Linear Regression : A Beginner’s Approach

Abhishek Chougule

Published in

Analytics Vidhya

9 min readMay 3, 2020

Before Starting the blog lets us refresh some of the basic definitions

What is machine Learning?

“Machine learning (ML) is the study of computer algorithms that improve automatically through experience.It is seen as a subset of artificial intelligence. Machine learning algorithms build a mathematical model based on sample data, known as “training data”, in order to make predictions or decisions without being explicitly programmed to do so .Machine learning algorithms are used in a wide variety of applications, such as email filtering and computer vision.”
source: Wikipedia

As, per the above definition the models require training data to compute predictions. Depending upon the data provided the machine learning algorithm can be broadly classified into 3 categories namely supervised, unsupervised and semi supervised learning.

In this blog, we are going to learn about one such supervised learning algorithm.

Supervised Algorithms basically can be divided into two categories:

Classification:

In this type of problem the machine learning algorithm will specify the data belongs to which set of class. The classes can be binary as well as multiple class.

E.g. Logistic Regression, Decision Tree, Random Forest, Naïve Bayes.

Regression:

In this type of problems the machine learning algorithm will try to find the relationship between continuous of variables. The modelling approach used here is between a dependent variable (response variable) with a given set of independent (feature) variables.

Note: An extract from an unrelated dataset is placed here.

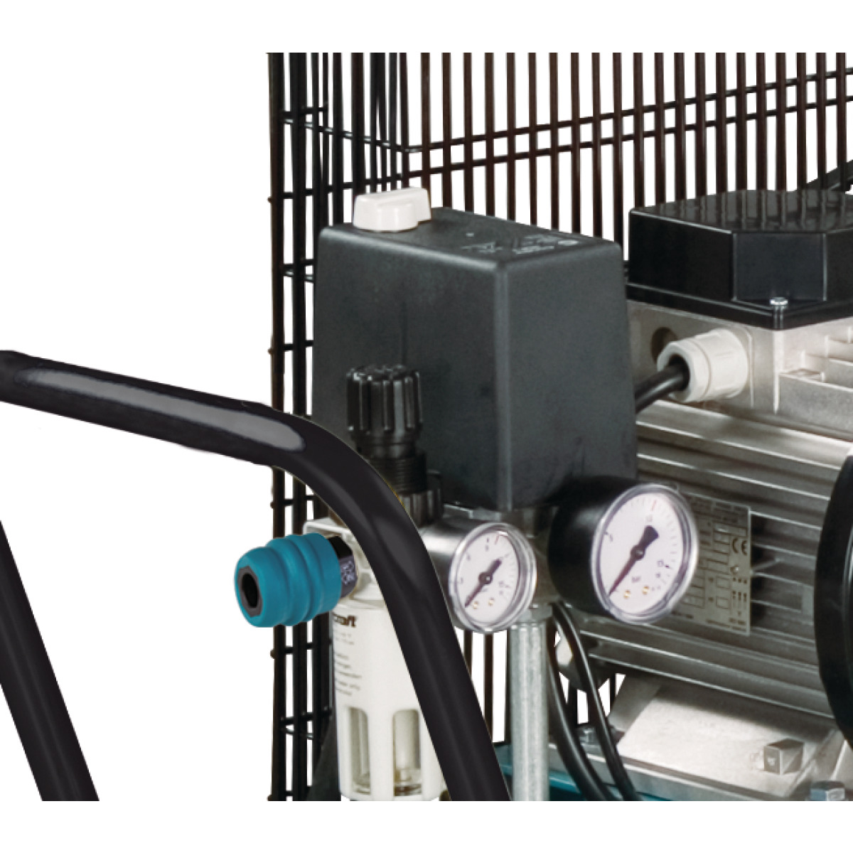- Alle Hauptkomponenten des Kompressors werden durch Bearbeitung mithilfe numerisch gesteuerter Werkzeugmaschinen hergestellt, mit inbegriffen Ansaugregler, Abscheiderblock und Mindestdruckventil

Just fyi I will be using Response and target variable’s interchangeably along with LR for Linear Regression.

E.g. Linear Regression, Ridge Regression, Elastic Net Regression.

Today we are going to learn Simple Linear Regression.

Linear Regression:

I personally believe to learn any machine learning model or any concept related to it if we understand the geometric intuition behind it then it will stay longer with us as visuals helps sustain memory as compared to a mathematical representation.

So, to proceed with the blog we will be categorizing into below aspects for LR:

1. What is Linear Regression?

2. Geometric Intuition

3. Optimization Problem

4. Implementation with sklearn Library.

What is Linear Regression?

As stated, above LR is a type of Regression Technique which tries to find relation between continuous set of variables from any given dataset.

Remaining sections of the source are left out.